*** MATERIAL FOR THIS EXERCISE ***
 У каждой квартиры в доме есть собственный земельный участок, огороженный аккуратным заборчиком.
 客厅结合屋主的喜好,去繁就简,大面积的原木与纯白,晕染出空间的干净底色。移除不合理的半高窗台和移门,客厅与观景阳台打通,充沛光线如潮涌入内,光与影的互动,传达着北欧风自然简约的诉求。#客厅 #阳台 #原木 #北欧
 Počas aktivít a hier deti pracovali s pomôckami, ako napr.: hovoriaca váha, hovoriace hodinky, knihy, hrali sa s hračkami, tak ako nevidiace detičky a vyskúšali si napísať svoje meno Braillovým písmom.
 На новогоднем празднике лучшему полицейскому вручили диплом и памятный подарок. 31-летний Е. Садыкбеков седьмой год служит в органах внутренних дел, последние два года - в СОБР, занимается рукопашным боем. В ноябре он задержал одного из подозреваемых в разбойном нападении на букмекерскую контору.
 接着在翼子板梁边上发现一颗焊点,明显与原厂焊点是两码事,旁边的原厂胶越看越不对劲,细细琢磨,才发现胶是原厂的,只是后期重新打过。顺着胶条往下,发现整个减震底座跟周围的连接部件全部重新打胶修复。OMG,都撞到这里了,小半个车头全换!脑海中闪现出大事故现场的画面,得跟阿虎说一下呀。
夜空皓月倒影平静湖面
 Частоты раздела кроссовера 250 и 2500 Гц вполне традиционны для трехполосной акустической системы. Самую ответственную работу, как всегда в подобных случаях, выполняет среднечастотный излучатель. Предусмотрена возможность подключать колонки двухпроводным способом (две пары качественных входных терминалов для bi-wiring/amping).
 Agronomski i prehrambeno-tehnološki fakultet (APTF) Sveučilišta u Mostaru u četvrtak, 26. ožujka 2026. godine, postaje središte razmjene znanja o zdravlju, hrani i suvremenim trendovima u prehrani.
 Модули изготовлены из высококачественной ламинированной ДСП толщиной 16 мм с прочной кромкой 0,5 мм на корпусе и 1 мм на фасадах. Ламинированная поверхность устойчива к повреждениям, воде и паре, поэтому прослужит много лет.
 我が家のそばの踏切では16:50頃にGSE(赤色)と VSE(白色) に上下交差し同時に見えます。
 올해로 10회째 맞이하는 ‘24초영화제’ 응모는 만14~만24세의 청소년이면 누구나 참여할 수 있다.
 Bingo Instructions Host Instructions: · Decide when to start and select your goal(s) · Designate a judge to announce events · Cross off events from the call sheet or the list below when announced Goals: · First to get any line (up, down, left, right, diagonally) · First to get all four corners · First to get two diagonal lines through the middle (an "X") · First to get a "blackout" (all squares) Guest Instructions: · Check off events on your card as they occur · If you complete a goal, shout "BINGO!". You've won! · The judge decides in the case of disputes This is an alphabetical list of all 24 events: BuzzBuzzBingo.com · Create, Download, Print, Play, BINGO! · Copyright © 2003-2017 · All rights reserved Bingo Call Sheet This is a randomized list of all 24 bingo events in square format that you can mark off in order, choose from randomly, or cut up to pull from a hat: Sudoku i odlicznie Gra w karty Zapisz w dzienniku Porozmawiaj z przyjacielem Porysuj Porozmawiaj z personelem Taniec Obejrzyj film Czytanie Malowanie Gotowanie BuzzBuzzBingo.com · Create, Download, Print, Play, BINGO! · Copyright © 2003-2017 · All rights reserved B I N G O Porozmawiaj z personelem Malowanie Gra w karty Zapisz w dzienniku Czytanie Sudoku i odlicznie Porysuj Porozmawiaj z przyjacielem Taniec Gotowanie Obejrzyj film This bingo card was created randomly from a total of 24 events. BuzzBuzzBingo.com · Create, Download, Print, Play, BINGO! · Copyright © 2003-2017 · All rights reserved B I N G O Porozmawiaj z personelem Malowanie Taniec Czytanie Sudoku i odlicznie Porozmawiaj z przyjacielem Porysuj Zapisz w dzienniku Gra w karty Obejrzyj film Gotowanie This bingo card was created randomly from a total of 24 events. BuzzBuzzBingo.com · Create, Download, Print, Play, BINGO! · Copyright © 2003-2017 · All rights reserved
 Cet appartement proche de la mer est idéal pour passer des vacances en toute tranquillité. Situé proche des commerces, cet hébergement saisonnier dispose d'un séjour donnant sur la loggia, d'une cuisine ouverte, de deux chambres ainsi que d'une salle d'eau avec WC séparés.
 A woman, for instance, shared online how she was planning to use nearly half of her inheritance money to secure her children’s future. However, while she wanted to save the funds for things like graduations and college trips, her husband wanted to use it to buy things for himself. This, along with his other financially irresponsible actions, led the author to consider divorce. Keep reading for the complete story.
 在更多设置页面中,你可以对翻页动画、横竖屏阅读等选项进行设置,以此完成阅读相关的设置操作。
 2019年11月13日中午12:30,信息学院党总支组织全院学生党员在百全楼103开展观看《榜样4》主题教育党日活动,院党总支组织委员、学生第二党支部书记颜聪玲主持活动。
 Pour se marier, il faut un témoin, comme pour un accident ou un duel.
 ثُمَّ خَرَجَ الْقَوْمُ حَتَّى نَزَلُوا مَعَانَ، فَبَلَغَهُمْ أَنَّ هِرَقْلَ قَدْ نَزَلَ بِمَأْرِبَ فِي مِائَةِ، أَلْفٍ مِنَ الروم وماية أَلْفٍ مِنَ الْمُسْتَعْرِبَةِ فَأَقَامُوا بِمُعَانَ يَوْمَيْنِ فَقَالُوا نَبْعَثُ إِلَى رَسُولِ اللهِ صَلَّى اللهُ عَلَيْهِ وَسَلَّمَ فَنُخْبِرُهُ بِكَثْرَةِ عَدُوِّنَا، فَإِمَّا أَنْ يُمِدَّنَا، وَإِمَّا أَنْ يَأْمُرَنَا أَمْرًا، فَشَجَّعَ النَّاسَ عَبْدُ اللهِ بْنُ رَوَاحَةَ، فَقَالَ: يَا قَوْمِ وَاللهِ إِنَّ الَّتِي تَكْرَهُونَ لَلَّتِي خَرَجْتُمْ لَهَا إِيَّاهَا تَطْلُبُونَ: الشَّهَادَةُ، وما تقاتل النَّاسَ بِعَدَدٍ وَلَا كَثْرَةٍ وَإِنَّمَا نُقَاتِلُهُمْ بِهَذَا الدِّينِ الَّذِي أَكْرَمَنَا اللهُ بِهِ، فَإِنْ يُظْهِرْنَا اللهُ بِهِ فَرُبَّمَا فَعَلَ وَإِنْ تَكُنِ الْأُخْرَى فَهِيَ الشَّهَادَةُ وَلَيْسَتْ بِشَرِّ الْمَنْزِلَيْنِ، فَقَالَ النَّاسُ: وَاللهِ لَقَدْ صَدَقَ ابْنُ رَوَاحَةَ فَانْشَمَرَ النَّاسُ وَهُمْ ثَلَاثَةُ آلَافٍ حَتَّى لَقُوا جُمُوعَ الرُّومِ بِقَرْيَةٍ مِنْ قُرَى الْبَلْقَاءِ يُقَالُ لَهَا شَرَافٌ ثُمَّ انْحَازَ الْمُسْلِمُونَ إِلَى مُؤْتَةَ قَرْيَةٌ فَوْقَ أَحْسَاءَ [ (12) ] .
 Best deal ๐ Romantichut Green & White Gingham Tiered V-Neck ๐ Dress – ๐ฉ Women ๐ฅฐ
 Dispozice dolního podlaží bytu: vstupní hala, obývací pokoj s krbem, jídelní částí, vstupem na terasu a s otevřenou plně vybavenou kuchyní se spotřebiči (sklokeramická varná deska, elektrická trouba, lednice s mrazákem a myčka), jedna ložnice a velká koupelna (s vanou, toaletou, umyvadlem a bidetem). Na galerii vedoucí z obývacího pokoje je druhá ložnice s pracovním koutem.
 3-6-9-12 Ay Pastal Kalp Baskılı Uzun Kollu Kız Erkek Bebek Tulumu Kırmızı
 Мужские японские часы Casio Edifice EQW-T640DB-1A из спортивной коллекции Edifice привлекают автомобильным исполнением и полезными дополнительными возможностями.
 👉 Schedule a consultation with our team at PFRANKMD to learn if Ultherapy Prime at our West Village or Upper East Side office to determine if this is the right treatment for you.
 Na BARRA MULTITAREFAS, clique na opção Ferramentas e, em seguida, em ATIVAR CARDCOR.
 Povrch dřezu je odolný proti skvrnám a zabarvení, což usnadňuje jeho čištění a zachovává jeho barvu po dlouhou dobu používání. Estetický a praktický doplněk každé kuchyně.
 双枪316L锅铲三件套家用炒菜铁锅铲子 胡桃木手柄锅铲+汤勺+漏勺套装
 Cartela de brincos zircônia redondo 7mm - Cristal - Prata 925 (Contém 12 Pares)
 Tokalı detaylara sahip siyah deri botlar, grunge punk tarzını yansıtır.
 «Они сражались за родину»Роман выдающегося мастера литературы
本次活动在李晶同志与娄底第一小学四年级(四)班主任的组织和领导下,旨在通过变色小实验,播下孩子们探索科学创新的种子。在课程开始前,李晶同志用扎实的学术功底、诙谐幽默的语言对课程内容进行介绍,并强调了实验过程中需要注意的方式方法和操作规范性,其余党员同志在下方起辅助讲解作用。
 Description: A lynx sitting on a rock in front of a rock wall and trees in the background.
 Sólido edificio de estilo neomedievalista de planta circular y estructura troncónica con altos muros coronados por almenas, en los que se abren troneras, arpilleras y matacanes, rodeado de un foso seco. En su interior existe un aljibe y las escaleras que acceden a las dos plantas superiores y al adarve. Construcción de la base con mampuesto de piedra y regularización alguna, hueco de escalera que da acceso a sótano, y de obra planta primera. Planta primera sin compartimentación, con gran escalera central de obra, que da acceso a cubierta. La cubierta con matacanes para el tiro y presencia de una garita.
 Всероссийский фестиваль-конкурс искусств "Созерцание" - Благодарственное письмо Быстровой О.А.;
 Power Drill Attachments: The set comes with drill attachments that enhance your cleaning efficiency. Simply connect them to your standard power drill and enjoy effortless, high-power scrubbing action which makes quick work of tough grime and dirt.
*** End of MATERIAL FOR THIS EXERCISE ***
WHAT IS EXPECTED
Taking the entries from their first line through the line with "올해로 10회째 맞이하는", inclusive, restate each line word for word and give nothing else.

OUTPUT OF THE TASK
 У каждой квартиры в доме есть собственный земельный участок, огороженный аккуратным заборчиком.
 客厅结合屋主的喜好,去繁就简,大面积的原木与纯白,晕染出空间的干净底色。移除不合理的半高窗台和移门,客厅与观景阳台打通,充沛光线如潮涌入内,光与影的互动,传达着北欧风自然简约的诉求。#客厅 #阳台 #原木 #北欧
 Počas aktivít a hier deti pracovali s pomôckami, ako napr.: hovoriaca váha, hovoriace hodinky, knihy, hrali sa s hračkami, tak ako nevidiace detičky a vyskúšali si napísať svoje meno Braillovým písmom.
 На новогоднем празднике лучшему полицейскому вручили диплом и памятный подарок. 31-летний Е. Садыкбеков седьмой год служит в органах внутренних дел, последние два года - в СОБР, занимается рукопашным боем. В ноябре он задержал одного из подозреваемых в разбойном нападении на букмекерскую контору.
 接着在翼子板梁边上发现一颗焊点,明显与原厂焊点是两码事,旁边的原厂胶越看越不对劲,细细琢磨,才发现胶是原厂的,只是后期重新打过。顺着胶条往下,发现整个减震底座跟周围的连接部件全部重新打胶修复。OMG,都撞到这里了,小半个车头全换!脑海中闪现出大事故现场的画面,得跟阿虎说一下呀。
夜空皓月倒影平静湖面
 Частоты раздела кроссовера 250 и 2500 Гц вполне традиционны для трехполосной акустической системы. Самую ответственную работу, как всегда в подобных случаях, выполняет среднечастотный излучатель. Предусмотрена возможность подключать колонки двухпроводным способом (две пары качественных входных терминалов для bi-wiring/amping).
 Agronomski i prehrambeno-tehnološki fakultet (APTF) Sveučilišta u Mostaru u četvrtak, 26. ožujka 2026. godine, postaje središte razmjene znanja o zdravlju, hrani i suvremenim trendovima u prehrani.
 Модули изготовлены из высококачественной ламинированной ДСП толщиной 16 мм с прочной кромкой 0,5 мм на корпусе и 1 мм на фасадах. Ламинированная поверхность устойчива к повреждениям, воде и паре, поэтому прослужит много лет.
 我が家のそばの踏切では16:50頃にGSE(赤色)と VSE(白色) に上下交差し同時に見えます。
 올해로 10회째 맞이하는 ‘24초영화제’ 응모는 만14~만24세의 청소년이면 누구나 참여할 수 있다.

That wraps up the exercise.